Problem: With any pictures left out, restate word for word the lines in the listing below from the one holding "안녕하세요! 주말의 마지막" through the last.

Information given:
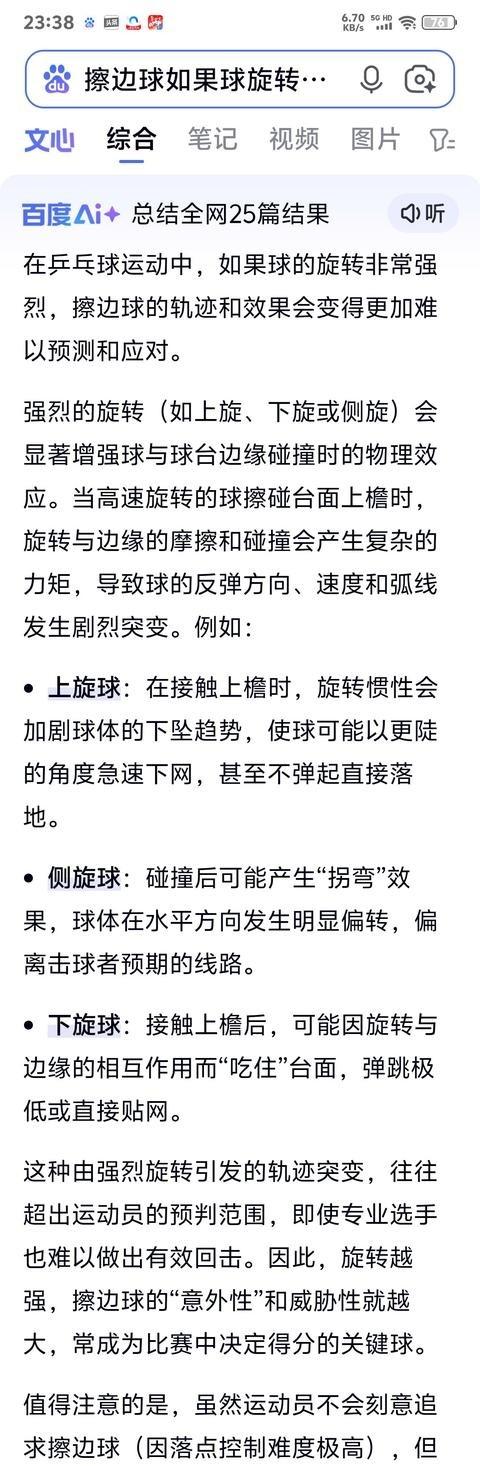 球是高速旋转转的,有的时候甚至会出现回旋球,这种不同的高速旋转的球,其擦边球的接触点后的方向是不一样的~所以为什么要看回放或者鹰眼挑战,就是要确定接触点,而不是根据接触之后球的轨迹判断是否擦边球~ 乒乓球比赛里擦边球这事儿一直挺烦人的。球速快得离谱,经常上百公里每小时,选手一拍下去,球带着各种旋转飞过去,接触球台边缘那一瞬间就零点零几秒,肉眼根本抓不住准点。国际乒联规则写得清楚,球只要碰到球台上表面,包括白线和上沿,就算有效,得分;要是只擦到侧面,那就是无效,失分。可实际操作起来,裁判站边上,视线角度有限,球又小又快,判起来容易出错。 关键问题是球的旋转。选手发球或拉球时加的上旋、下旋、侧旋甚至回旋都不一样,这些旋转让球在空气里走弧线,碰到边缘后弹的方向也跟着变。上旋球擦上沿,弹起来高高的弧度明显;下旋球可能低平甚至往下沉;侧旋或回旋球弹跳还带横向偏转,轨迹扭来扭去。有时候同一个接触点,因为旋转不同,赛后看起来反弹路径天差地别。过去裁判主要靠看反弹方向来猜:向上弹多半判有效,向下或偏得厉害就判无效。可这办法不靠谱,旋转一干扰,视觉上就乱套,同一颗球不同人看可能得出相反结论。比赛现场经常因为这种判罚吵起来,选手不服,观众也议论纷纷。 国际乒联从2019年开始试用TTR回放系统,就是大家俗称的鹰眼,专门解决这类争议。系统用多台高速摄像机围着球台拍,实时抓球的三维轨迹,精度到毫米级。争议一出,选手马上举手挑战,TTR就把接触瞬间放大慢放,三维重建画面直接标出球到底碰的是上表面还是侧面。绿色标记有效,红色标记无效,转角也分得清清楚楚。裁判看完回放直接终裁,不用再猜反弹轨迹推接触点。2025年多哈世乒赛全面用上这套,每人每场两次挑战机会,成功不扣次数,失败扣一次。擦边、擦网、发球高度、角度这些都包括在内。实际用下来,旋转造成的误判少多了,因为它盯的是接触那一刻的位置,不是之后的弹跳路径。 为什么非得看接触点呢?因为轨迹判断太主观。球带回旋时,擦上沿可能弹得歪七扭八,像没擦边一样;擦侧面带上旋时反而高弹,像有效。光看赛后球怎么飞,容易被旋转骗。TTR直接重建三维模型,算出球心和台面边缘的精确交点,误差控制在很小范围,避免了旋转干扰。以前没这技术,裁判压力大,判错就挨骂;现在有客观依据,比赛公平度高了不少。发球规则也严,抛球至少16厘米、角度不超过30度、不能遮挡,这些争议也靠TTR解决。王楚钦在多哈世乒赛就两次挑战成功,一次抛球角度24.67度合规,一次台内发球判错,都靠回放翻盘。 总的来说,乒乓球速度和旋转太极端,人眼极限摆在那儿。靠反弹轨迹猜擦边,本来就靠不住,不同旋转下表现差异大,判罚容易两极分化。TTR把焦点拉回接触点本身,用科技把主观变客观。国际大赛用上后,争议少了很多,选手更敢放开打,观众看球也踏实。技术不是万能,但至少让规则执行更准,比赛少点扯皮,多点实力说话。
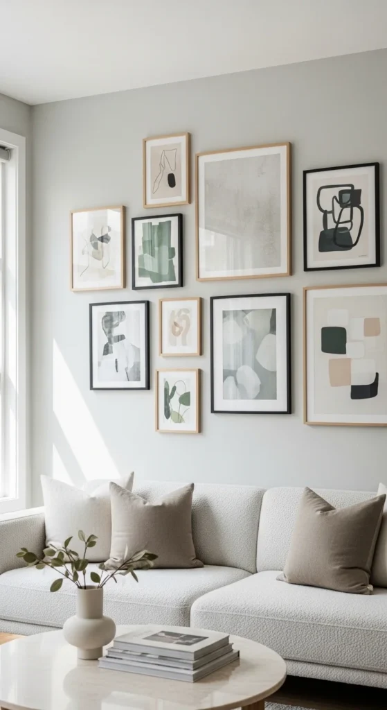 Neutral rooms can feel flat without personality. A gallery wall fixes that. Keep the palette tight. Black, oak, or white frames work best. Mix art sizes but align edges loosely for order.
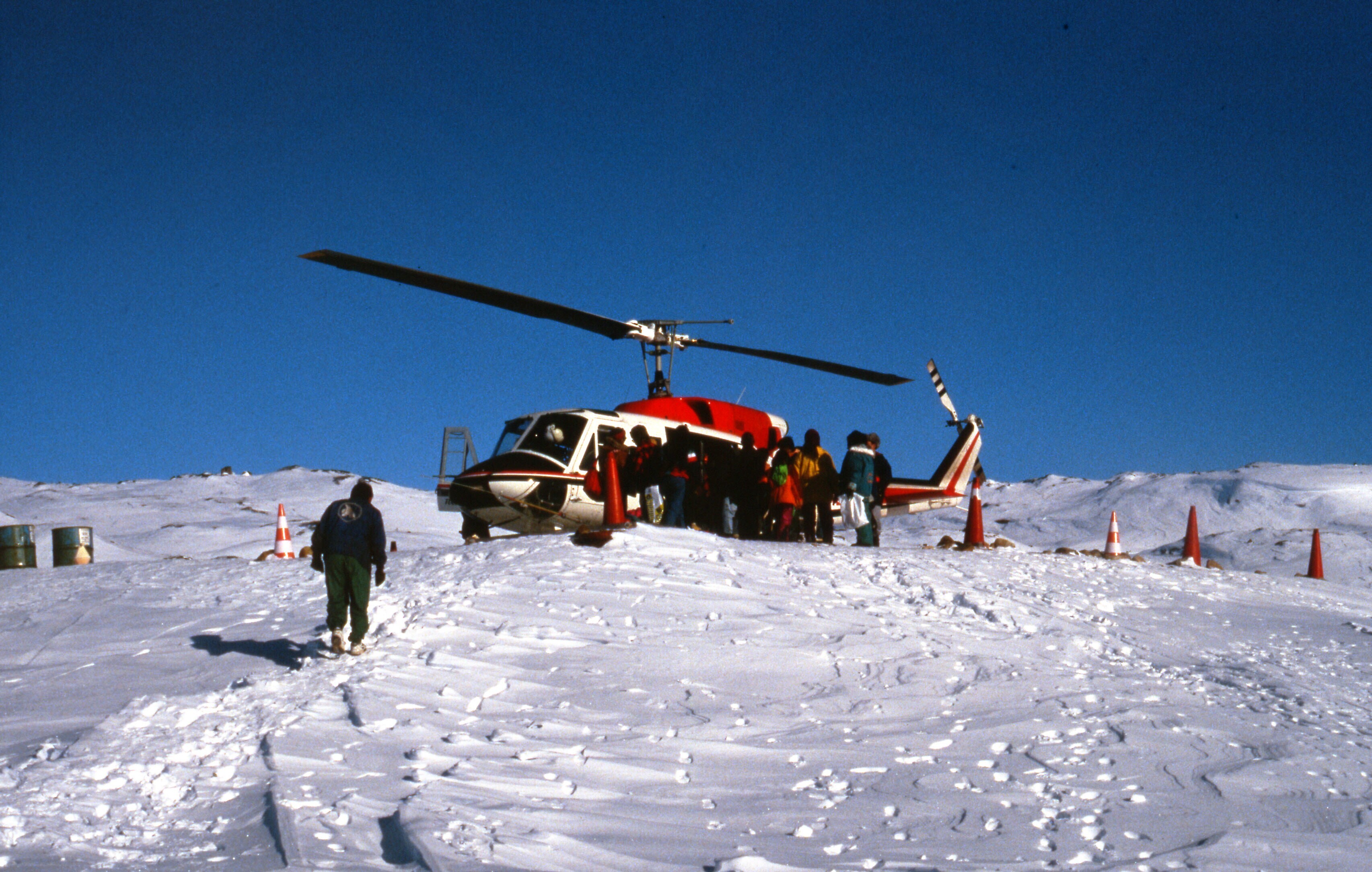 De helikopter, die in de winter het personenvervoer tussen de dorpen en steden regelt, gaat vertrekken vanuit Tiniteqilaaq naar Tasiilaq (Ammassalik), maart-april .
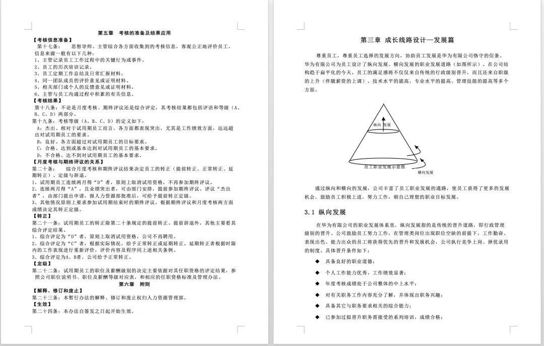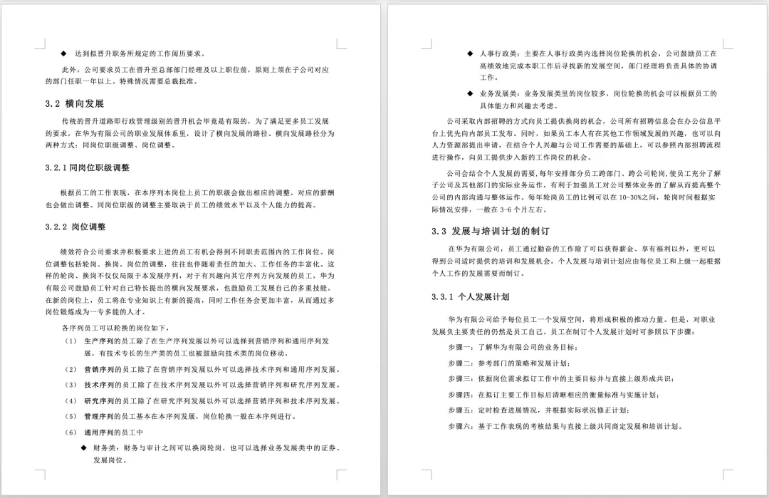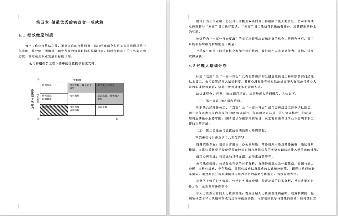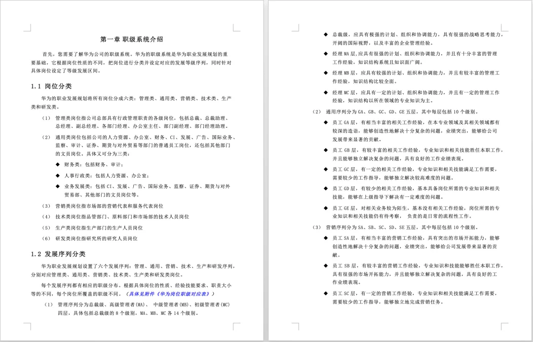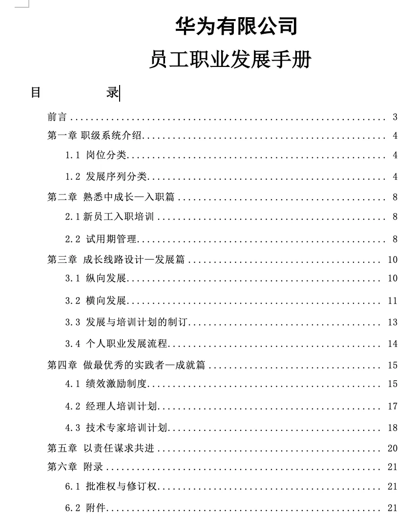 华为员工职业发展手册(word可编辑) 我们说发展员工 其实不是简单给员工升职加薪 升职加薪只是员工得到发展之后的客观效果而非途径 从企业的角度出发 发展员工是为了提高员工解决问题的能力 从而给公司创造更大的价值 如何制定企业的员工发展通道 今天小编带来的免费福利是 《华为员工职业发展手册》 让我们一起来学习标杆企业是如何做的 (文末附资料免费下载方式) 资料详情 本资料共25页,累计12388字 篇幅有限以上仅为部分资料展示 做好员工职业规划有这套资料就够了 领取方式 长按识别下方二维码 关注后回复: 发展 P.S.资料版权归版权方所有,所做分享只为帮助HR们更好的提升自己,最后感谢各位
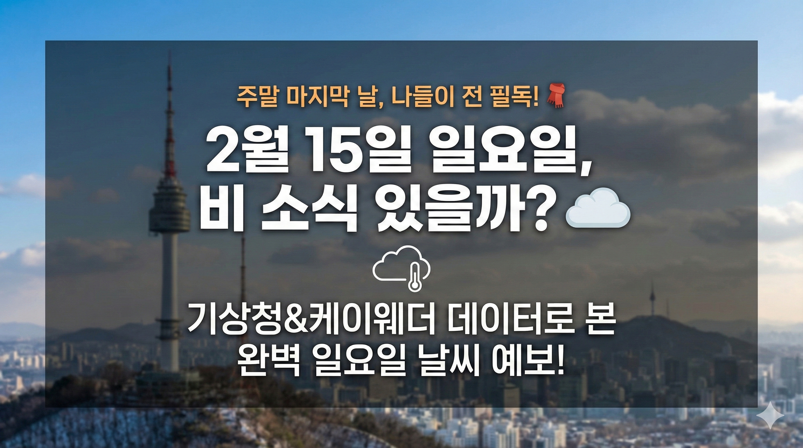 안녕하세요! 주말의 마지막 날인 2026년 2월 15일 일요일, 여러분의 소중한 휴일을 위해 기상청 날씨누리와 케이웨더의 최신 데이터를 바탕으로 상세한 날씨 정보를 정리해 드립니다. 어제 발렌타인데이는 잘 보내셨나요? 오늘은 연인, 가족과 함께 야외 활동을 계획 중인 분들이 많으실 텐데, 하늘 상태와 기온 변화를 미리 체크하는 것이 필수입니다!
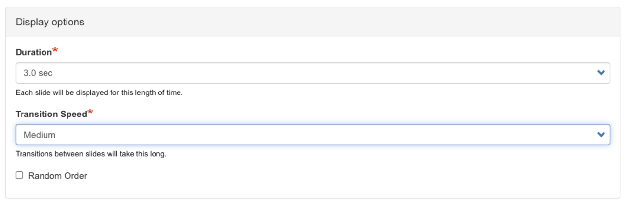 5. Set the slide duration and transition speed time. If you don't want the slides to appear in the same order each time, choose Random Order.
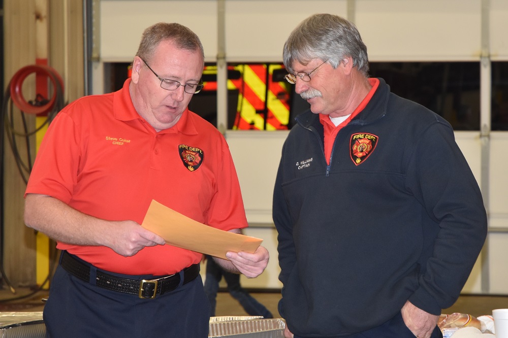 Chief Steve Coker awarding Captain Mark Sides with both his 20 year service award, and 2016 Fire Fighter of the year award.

Exercise output:
 안녕하세요! 주말의 마지막 날인 2026년 2월 15일 일요일, 여러분의 소중한 휴일을 위해 기상청 날씨누리와 케이웨더의 최신 데이터를 바탕으로 상세한 날씨 정보를 정리해 드립니다. 어제 발렌타인데이는 잘 보내셨나요? 오늘은 연인, 가족과 함께 야외 활동을 계획 중인 분들이 많으실 텐데, 하늘 상태와 기온 변화를 미리 체크하는 것이 필수입니다!
 5. Set the slide duration and transition speed time. If you don't want the slides to appear in the same order each time, choose Random Order.
 Chief Steve Coker awarding Captain Mark Sides with both his 20 year service award, and 2016 Fire Fighter of the year award.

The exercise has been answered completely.